The DSM 5 attempt to dimensionalize the diagnosis of personality disorder has worthy goals, but has suffered from grievously incompetent implementation. The work group has produced an ever changing array of proposals, but each is a pastiche of complex and untested ratings that will most certainly never be used by clinicians. The fact that the proposals are universally condemned by researchers in the field has not prevented the work group from stubbornly soldiering on- seemingly oblivious to how impossibly cumbersome and out of touch are its proposals.
Mark Zimmerman MD of Brown University has accumulated a wonderful data base for studying the diagnosis of personality disorders. He has systematically evaluated a grand total of 2,150 psychiatric outpatients using carefully conducted semi-structured diagnostic interviews that assess DSM-IV personality disorders, their severity, and morbidity. Dr Zimmerman's results (reported in the Journal of Clinical Psychiatry) are a final nail in the coffin of the ill fated DSM 5 dimensional proposals and usefully provide a viable alternative.
Zimmerman performed a simple, but elegant and telling analysis. He treated the personality ratings of 'not present', 'sub threshold', and 'present' as a surrogate for a 3-point dimensional ratings. This is a crude, but extremely convenient and clinician friendly, method of converting personality disorder categories into personality dimensions. Zimmerman's surprising and encouraging finding is that this makeshift dimensional method was able to save valuable information and worked reasonably well in predicting morbidity (better than categorical diagnosis and as well as 3-point, a 5-point, and criterion count methods).
Zimmerman's conclusions provide a clear way out of the DSM 5 personality disorders follies. "What we found is that the DSM-IV three-point dimensional approach is an effective method in identifying personal disorders and these findings raise questions as to whether or not there is a need to modify the DSM-IV for personality disorders at all. We propose, instead, that we call more attention to the fact that there is a quasi-dimensional approach already built into the existing DSM-IV."

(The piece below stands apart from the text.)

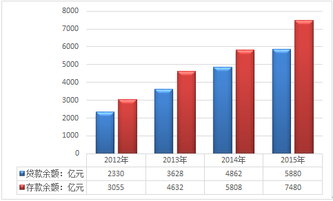 截止2014年底我國村鎮銀行貸款余額為4862億元,較上年同期增長1234億元,存款余額為5808億元,存款余額增加1176億元。2015年底我國村鎮銀行貸款余額為5880億元,存款余額為7480億元。
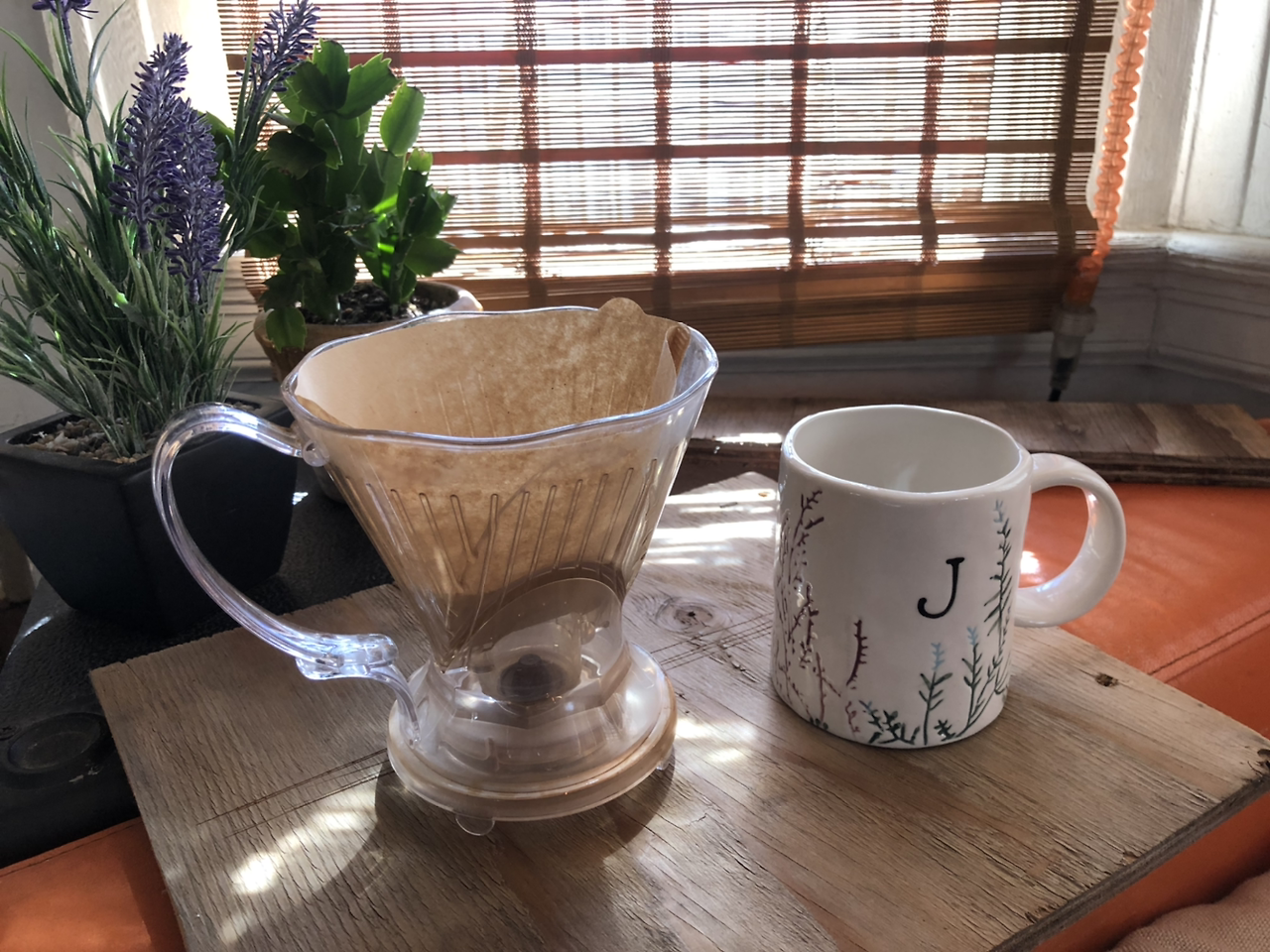 원두 위로 물을 조심스레 붓는다. 커피가 물에 휘말리며 뽀얀 거품을 일으키는 것을 보며 희열을 느낀다. 커피물이 위까지 차오르면 이제 컵에도 물을 붓는다. 컵을 미리 데우지 않으면 커피가 금방 식는다. 물을 데울 때 반드시 컵 두 잔 분량을 물을 데우는데 보통 500ml를 데우면 딱 두 잔이 나온다.

The DSM 5 personality disorders work group is a deer in headlights- unable to work its way out of the quagmire it has created for itself. The DSM 5 Task Force seems equally paralyzed. Zimmerman's proposal is the only feasible solution- a practical, if imperfect, way to save dimensional personality diagnosis for DSM 5. The APA Trustees or Assembly should step in and provide the adult supervision needed to settle this issue in favor of the Zimmerman suggestion.